Yang Yan, Tu Haibin, Lin Youguo, Wei Jianting
Preventive Treatment of Disease in Traditional Chinese Medicine, The Affiliated People's Hospital of Fujian University of Traditional Chinese Medicine, Fuzhou, Fujian, China.
Department of Ultrasound, Mengchao Hepatobiliary Hospital of Fujian Medical University, Fuzhou, Fujian, China.
Medicine (Baltimore). 2025 Sep 12;104(37):e44371. doi: 10.1097/MD.0000000000044371.

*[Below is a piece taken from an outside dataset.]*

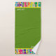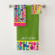 Ein mutiger Entwurf der Tupfenblasen über Streifen in einem Regenbogen der hellen Farben macht für einen Retro Effekt mit moderner Berufung. Vervollkommnen Sie für das Badezimmer jedes mögliches Kindes oder herauf das Gastbad liven. Die Hintergrundfarbe des Badtuches (gezeigt hier in Kelly-Grün) und die Grenzakzentfarbe des Handtuches (gezeigt hier im Pink) können zu allen möglichen Farben geändert werden, die Sie mögen. Sie können jede mögliche Farbe auch wählen, die Sie für die Akzentstreifenfarben mögen (gezeigt hier im sonnigen Gelb). Sie können dieses Tuch-Set mit jedem möglichem Namen personifizieren oder den Textfeldfreien raum verlassen, wenn Sie ihn ohne einen Namen bevorzugen. Washcloths, Handtücher und Badtücher sind- separat oder als Set verfügbar. Wählen Sie Ihre eigenen Farben für ein Mischungs- u. Match-Set, das tadellos mit Ihrem Farbentwurf koordiniert

Differentiating benign from malignant gallbladder polyps (GBPs) is critical for clinical decisions. Pathological biopsy, the gold standard, requires cholecystectomy, underscoring the need for noninvasive alternatives. This retrospective study included 202 patients (50 malignant, 152 benign) who underwent cholecystectomy (2018-2024) at Fujian Provincial Hospital. Ultrasound features (polyp diameter, stalk presence), serological markers (neutrophil-to-lymphocyte ratio [NLR], CA19-9), and demographics (age, sex, body mass index, waist-to-hip ratio, comorbidities, alcohol history) were analyzed. Patients were split into training (70%) and validation (30%) sets. Ten machine learning (ML) algorithms were trained; the model with the highest area under the receiver operating characteristic curve (AUC) was selected. Shapley additive explanations (SHAP) identified key predictors. Models were categorized as clinical (ultrasound + age), hematological (NLR + CA19-9), and combined (all 5 variables). ROC, precision-recall, calibration, and decision curve analysis curves were generated. A web-based calculator was developed. The Extra Trees model achieved the highest AUC (0.97 in training, 0.93 in validation). SHAP analysis highlighted polyp diameter, sessile morphology, NLR, age, and CA19-9 as top predictors. The combined model outperformed clinical (AUC 0.89) and hematological (AUC 0.68) models, with balanced sensitivity (66%-54%), specificity (94-93%), and accuracy (87%-83%). This ML model integrating ultrasound and serological markers accurately predicts GBP malignancy. The web-based calculator facilitates clinical adoption, potentially reducing unnecessary surgeries.
鉴别胆囊息肉(GBP)的良恶性对于临床决策至关重要。病理活检作为金标准,需要进行胆囊切除术,这凸显了对非侵入性替代方法的需求。这项回顾性研究纳入了202例在福建省立医院接受胆囊切除术(2018 - 2024年)的患者(50例恶性,152例良性)。分析了超声特征(息肉直径、有无蒂)、血清学标志物(中性粒细胞与淋巴细胞比值[NLR]、CA19 - 9)以及人口统计学特征(年龄、性别、体重指数、腰臀比、合并症、饮酒史)。患者被分为训练集(70%)和验证集(30%)。训练了十种机器学习(ML)算法;选择了在受试者操作特征曲线(AUC)下面积最高的模型。Shapley相加解释(SHAP)确定了关键预测因素。模型分为临床模型(超声 + 年龄)、血液学模型(NLR + CA19 - 9)和联合模型(所有五个变量)。生成了ROC、精确召回率、校准和决策曲线分析曲线。开发了一个基于网络的计算器。Extra Trees模型的AUC最高(训练集为0.97,验证集为0.93)。SHAP分析突出显示息肉直径、无蒂形态、NLR、年龄和CA19 - 9是主要预测因素。联合模型优于临床模型(AUC 0.89)和血液学模型(AUC 0.68),具有平衡的敏感性(66% - 54%)、特异性(94 - 93%)和准确性(87% - 83%)。这种整合超声和血清学标志物的ML模型能够准确预测GBP的恶性程度。基于网络的计算器便于临床应用,可能减少不必要的手术。